The Sagarmatha Pollution Control Committee, which clears litter on the peak, spotted him crawling near Khumbu Icefall by Base Camp on Thursday morning, where he was then rescued by helicopter and rushed from the helipad to hospital on a stretcher.   

Dawa’s family have filed a police complaint against Himalayan Traverse Adventure, with others calling for Himalayan Traverse Adventure to lose its licence.

They have also accused the operator of delaying rescue efforts, although Himalayan Traverse Adventure said this was due to poor conditions. 

Himalayan Traverse Adventure have been contacted for comment but have previously said: ‘The weather was very bad and there was deep snow for several days. There were what we call whiteout conditions. 

‘The sherpas requested not to go up [to the summit] but these guys were saying, “we’re not going back down”. Before the summit push they should have turned back.’ 

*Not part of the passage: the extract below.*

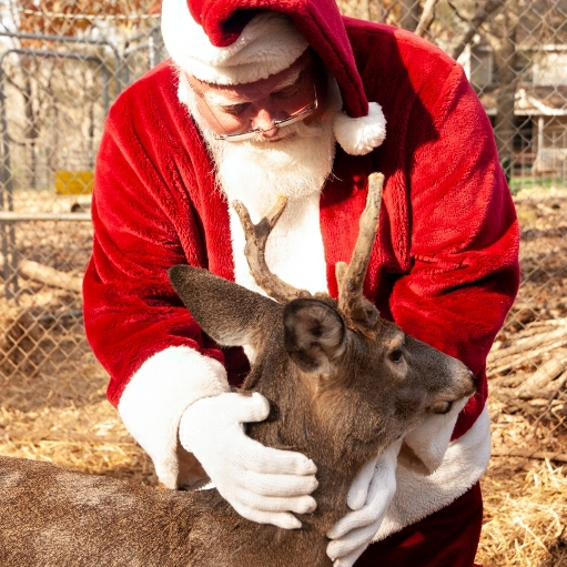 Rudolph’s Story: He showed up at someone home last Christmas. He went up to their very young son and was pushed his antlers towards him. He was wanting to be pet but at the same time beginning the rut and rubbing his sharp antlers onto everything. This is a very dangerous time for young pet bucks. They have no fear of humans and are losing their velvet and will gore anything they can because of raging hormones. No one ever claimed to have raised him but I am sure his behavior scared them enough to set him free. But this could have ended very badly, the boy could have been hurt or killed and SCDNR would have had to shoot Rudolph. Thankfully we were called and he was neutered to calm the hormones. Now he is safe and so is the public. Without the hormones, he is a sweet boy.

Dawa is said to be doing well and undergoing treatment for frostbite and other complications. 

Dawa Sherpa’s wife, Damu Sherpa, said her family was overjoyed when they discovered he was alive:  ‘We were very happy to hear the news, we had given up hope. We also began puja [last rites prayers].’

His daughter, Mendo Lhamu Sherpa, said they almost did not believe it when they received a telephone call to say that he was found.

‘At first we were not sure if it was him – but they sent us photos to confirm, and then I was happy,’ she said.

In a social media post, the Nepal Mount Everest hiking company said his survival in the extreme conditions was ‘nothing short of a miracle.’

The stretch between Camp III and Camp IV on Mount Everest is considered to be an incredibly dangerous leg of the climb and requires entering the notorious ‘Death Zone.’

The area is above 8,000 metres (26,000 feet) and survival is tested by critically low oxygen levels.

The body is unable to acclimatise, which can lead to severe physical exhaustion, cognitive impairment, and altitude sickness.

Mr Thrall’s climb was one of the last of the season, meaning that there were few other mountaineers on the peak.

A record number of more than 1,000 climbers and their guides scaled Everest this season, with the government issuing 494 permits.

Five climbers and guides died on Everest this season, officials said.